Stored items

BEGIN

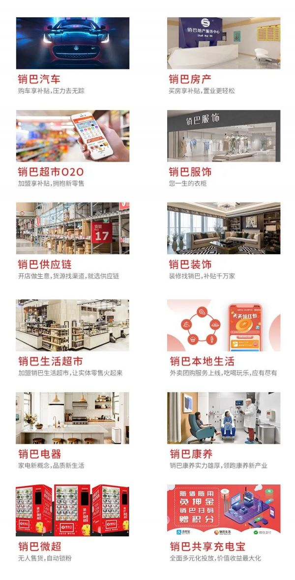 公司的主营业务横跨杭州、重庆、成都、深圳、天津、乌鲁木齐、甘肃等省市,拥有四川省分公司、山西省分公司、杭州分公司、汽车分公司等几十余家下属子公司,其业务版块涵盖销巴超市、销巴电器、销巴汽车、销巴地产、销巴服饰、销巴装饰、销巴供应链、销巴微超等,入驻商家超10万,创造近2万就业岗位,全国设立省级战略运营中心超20家、市区县级服务中心超200家!
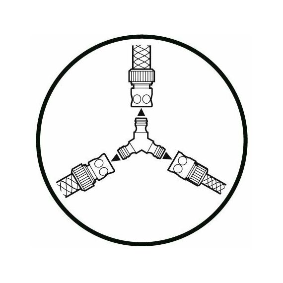Тройник предназначен для соединения одновременно трех шлангов, позволяя таким образом значительно увеличить площадь поливаемой почвы, разделяя линию на две.
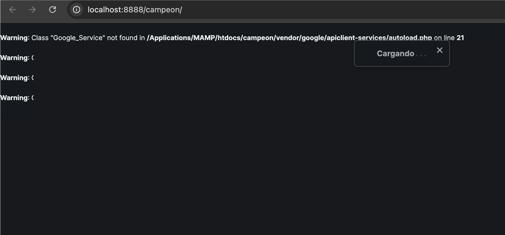 The config.php, config_override.php, and .htaccess files were shared with me by the team and have the necessary permissions. The problem is that when I load the environment, this happens:
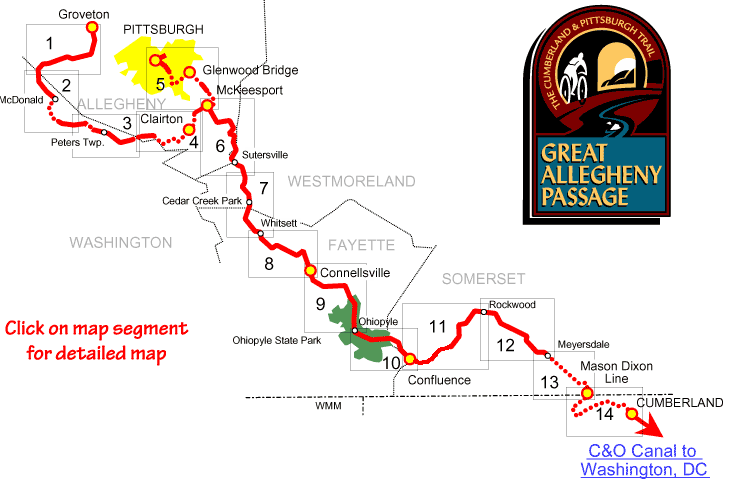 | This page is part of the Allegheny Trail Alliance's site in support of the Great Allegheny Passage, a motor-free recreational rail trail connecting Pittsburgh PA and Cumberland MD. Copyright © 1998, 1999, 2000, 2001by Allegheny Trail Alliance, Bill Metzger, Mary Shaw, and Roy Weil. Amenity information courtesy of FreeWheeling Easy. We encourage you to create links to this site and to print copies of the maps for your personal use. We prohibit other uses of this site, especially if they generate spam or other mass communications -- see our Privacy Policy.. This page was last modified on 12/04/03. Send email to ATA or contact the ATA or member trails. | ||||||
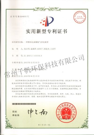 實(shí)用新型專利證書(shū) 一種整體化油煙廢氣凈化裝置
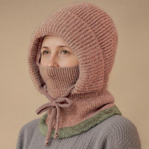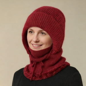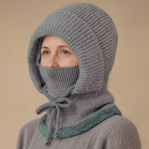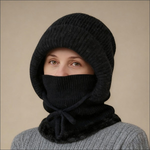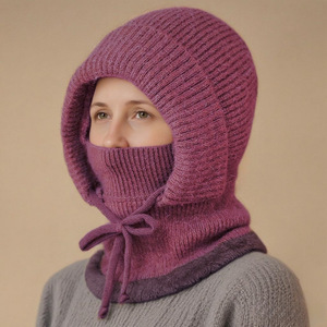 跨境欧美围脖面罩连体帽冬天加厚防寒骑车户外妈妈套头保暖针织帽
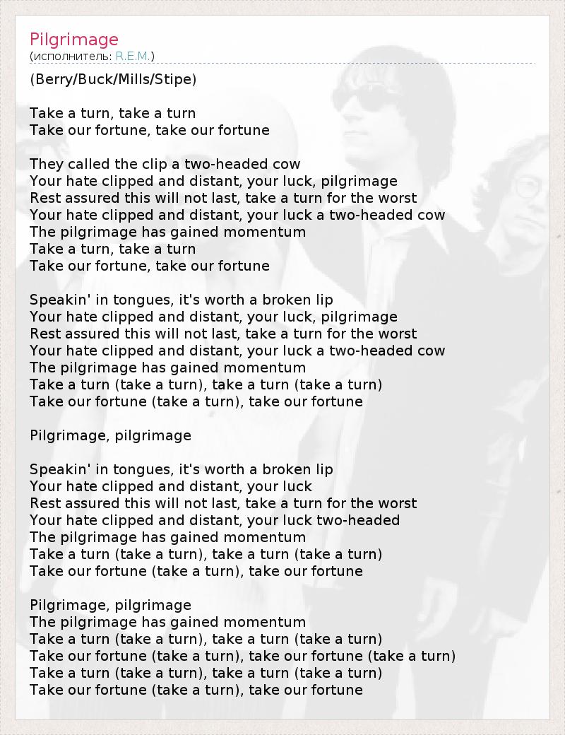 (Berry/Buck/Mills/Stipe) Take a turn, take a turn Take our fortune, take our fortune They called the clip a two-headed cow Your hate clipped and distant, your luck, pilgrimage Rest assured this will not last, take a turn for the worst Your hate clipped and distant, your luck a two-headed cow The pilgrimage has gained momentum Take a turn, take a turn Take our fortune, take our fortune Speakin' in tongues, it's worth a broken lip Your hate clipped and distant, your luck, pilgrimage Rest assured this will not last, take a turn for the worst Your hate clipped and distant, your luck a two-headed cow The pilgrimage has gained momentum Take a turn (take a turn), take a turn (take a turn) Take our fortune (take a turn), take our fortune Pilgrimage, pilgrimage Speakin' in tongues, it's worth a broken lip Your hate clipped and distant, your luck Rest assured this will not last, take a turn for the worst Your hate clipped and distant, your luck two-headed The pilgrimage has gained momentum Take a turn (take a turn), take a turn (take a turn) Take our fortune (take a turn), take our fortune Pilgrimage, pilgrimage The pilgrimage has gained momentum Take a turn (take a turn), take a turn (take a turn) Take our fortune (take a turn), take our fortune (take a turn) Take a turn (take a turn), take a turn (take a turn) Take our fortune (take a turn), take our fortune
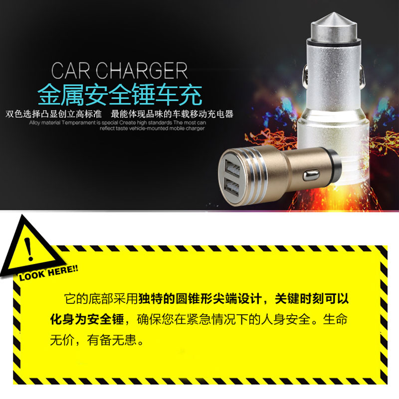 / 小鋼炮車載充電器雙USB金屬機身急速閃沖24A安全錘汽車通用批車充
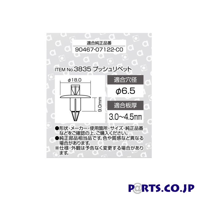 【仕様】・適合穴径:φ6.5・適合板厚:3.0 4.5mm・適合メーカー:トヨタ・適合純正品番90467-07122-C0
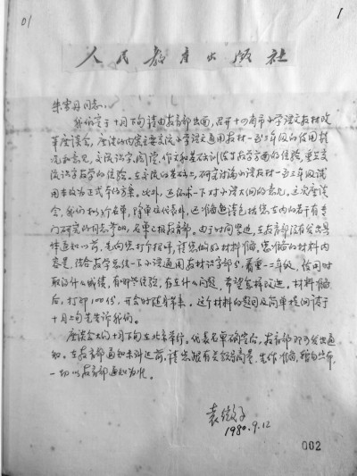 “朱雪丹同志:我们定于十月下旬请教育部出面,召开十四省市小学教材改革座谈会,座谈的内容主要交流小学语文通用教材一至三年级的试用情况和意见,交流识字、阅读、作文和基础训练等教学方面的经验,重点交流识字教学的经验。在交流的基础上,研究讨论小学教材一至三年级试用本改为正式本的方案。”(1980.9.12日信。下文无特别注明的,均引用自103封信)
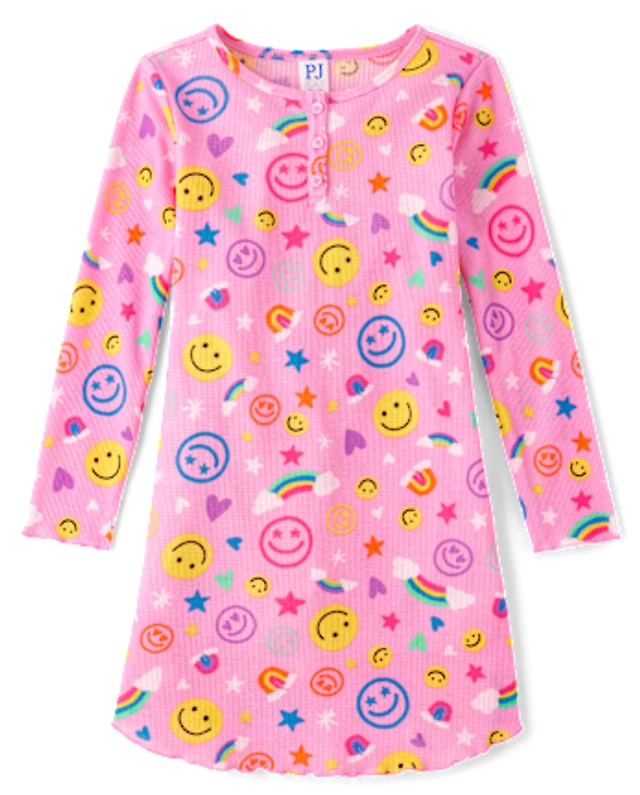 Girls Floral Butterfly Snug Fit Cotton Henley Pajamas
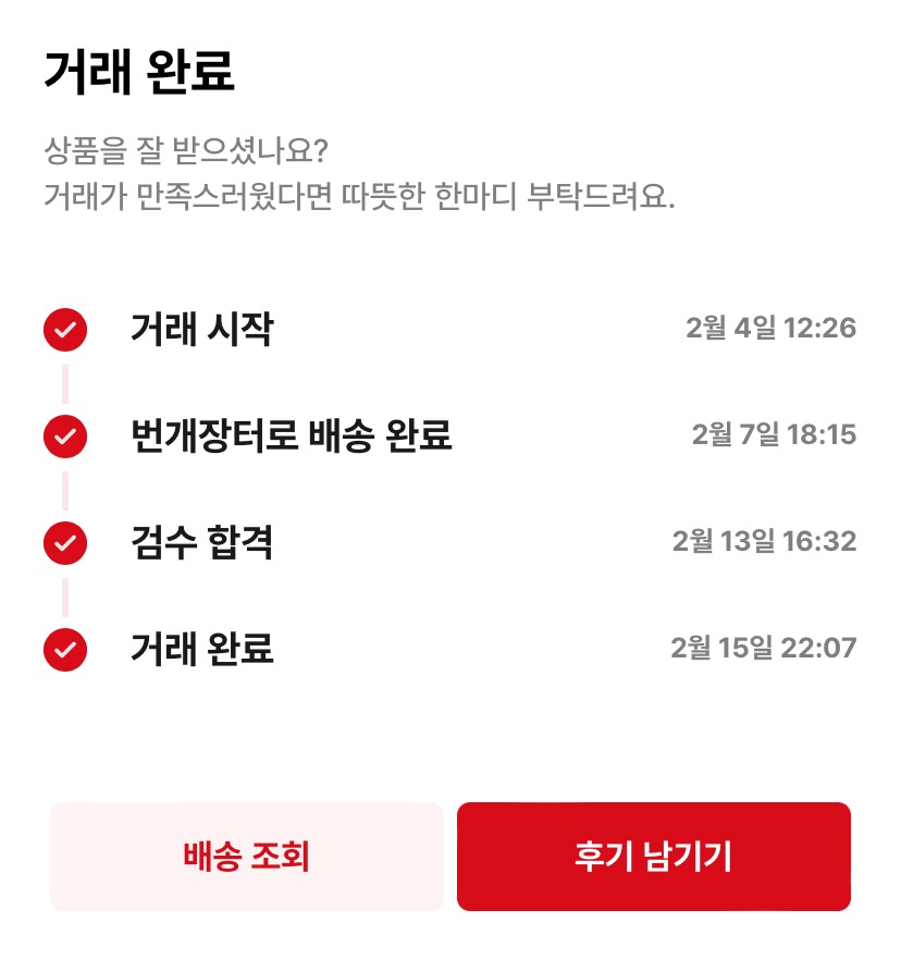 3. 번개장터에서 정품 검수를 합니다. (저의 경우에는 설 연휴가 껴서 7~13일 5일 넘게 걸렸는데 보통은 물건 도착하면 바로 검수 시작할 듯 합니다! 저도 설연휴 끝나자마자 바로 검수 진행으로 바뀌었습니다.)

END

## TASK PROMPT
Every line above should be transcribed word for word; leave the pictures out.

## ANSWER SECTION
 公司的主营业务横跨杭州、重庆、成都、深圳、天津、乌鲁木齐、甘肃等省市,拥有四川省分公司、山西省分公司、杭州分公司、汽车分公司等几十余家下属子公司,其业务版块涵盖销巴超市、销巴电器、销巴汽车、销巴地产、销巴服饰、销巴装饰、销巴供应链、销巴微超等,入驻商家超10万,创造近2万就业岗位,全国设立省级战略运营中心超20家、市区县级服务中心超200家!
Тройник предназначен для соединения одновременно трех шлангов, позволяя таким образом значительно увеличить площадь поливаемой почвы, разделяя линию на две.
 The config.php, config_override.php, and .htaccess files were shared with me by the team and have the necessary permissions. The problem is that when I load the environment, this happens:
 | This page is part of the Allegheny Trail Alliance's site in support of the Great Allegheny Passage, a motor-free recreational rail trail connecting Pittsburgh PA and Cumberland MD. Copyright © 1998, 1999, 2000, 2001by Allegheny Trail Alliance, Bill Metzger, Mary Shaw, and Roy Weil. Amenity information courtesy of FreeWheeling Easy. We encourage you to create links to this site and to print copies of the maps for your personal use. We prohibit other uses of this site, especially if they generate spam or other mass communications -- see our Privacy Policy.. This page was last modified on 12/04/03. Send email to ATA or contact the ATA or member trails. | ||||||
 實(shí)用新型專利證書(shū) 一種整體化油煙廢氣凈化裝置
 跨境欧美围脖面罩连体帽冬天加厚防寒骑车户外妈妈套头保暖针织帽
 (Berry/Buck/Mills/Stipe) Take a turn, take a turn Take our fortune, take our fortune They called the clip a two-headed cow Your hate clipped and distant, your luck, pilgrimage Rest assured this will not last, take a turn for the worst Your hate clipped and distant, your luck a two-headed cow The pilgrimage has gained momentum Take a turn, take a turn Take our fortune, take our fortune Speakin' in tongues, it's worth a broken lip Your hate clipped and distant, your luck, pilgrimage Rest assured this will not last, take a turn for the worst Your hate clipped and distant, your luck a two-headed cow The pilgrimage has gained momentum Take a turn (take a turn), take a turn (take a turn) Take our fortune (take a turn), take our fortune Pilgrimage, pilgrimage Speakin' in tongues, it's worth a broken lip Your hate clipped and distant, your luck Rest assured this will not last, take a turn for the worst Your hate clipped and distant, your luck two-headed The pilgrimage has gained momentum Take a turn (take a turn), take a turn (take a turn) Take our fortune (take a turn), take our fortune Pilgrimage, pilgrimage The pilgrimage has gained momentum Take a turn (take a turn), take a turn (take a turn) Take our fortune (take a turn), take our fortune (take a turn) Take a turn (take a turn), take a turn (take a turn) Take our fortune (take a turn), take our fortune
 / 小鋼炮車載充電器雙USB金屬機身急速閃沖24A安全錘汽車通用批車充
 【仕様】・適合穴径:φ6.5・適合板厚:3.0 4.5mm・適合メーカー:トヨタ・適合純正品番90467-07122-C0
 “朱雪丹同志:我们定于十月下旬请教育部出面,召开十四省市小学教材改革座谈会,座谈的内容主要交流小学语文通用教材一至三年级的试用情况和意见,交流识字、阅读、作文和基础训练等教学方面的经验,重点交流识字教学的经验。在交流的基础上,研究讨论小学教材一至三年级试用本改为正式本的方案。”(1980.9.12日信。下文无特别注明的,均引用自103封信)
 Girls Floral Butterfly Snug Fit Cotton Henley Pajamas
 3. 번개장터에서 정품 검수를 합니다. (저의 경우에는 설 연휴가 껴서 7~13일 5일 넘게 걸렸는데 보통은 물건 도착하면 바로 검수 시작할 듯 합니다! 저도 설연휴 끝나자마자 바로 검수 진행으로 바뀌었습니다.)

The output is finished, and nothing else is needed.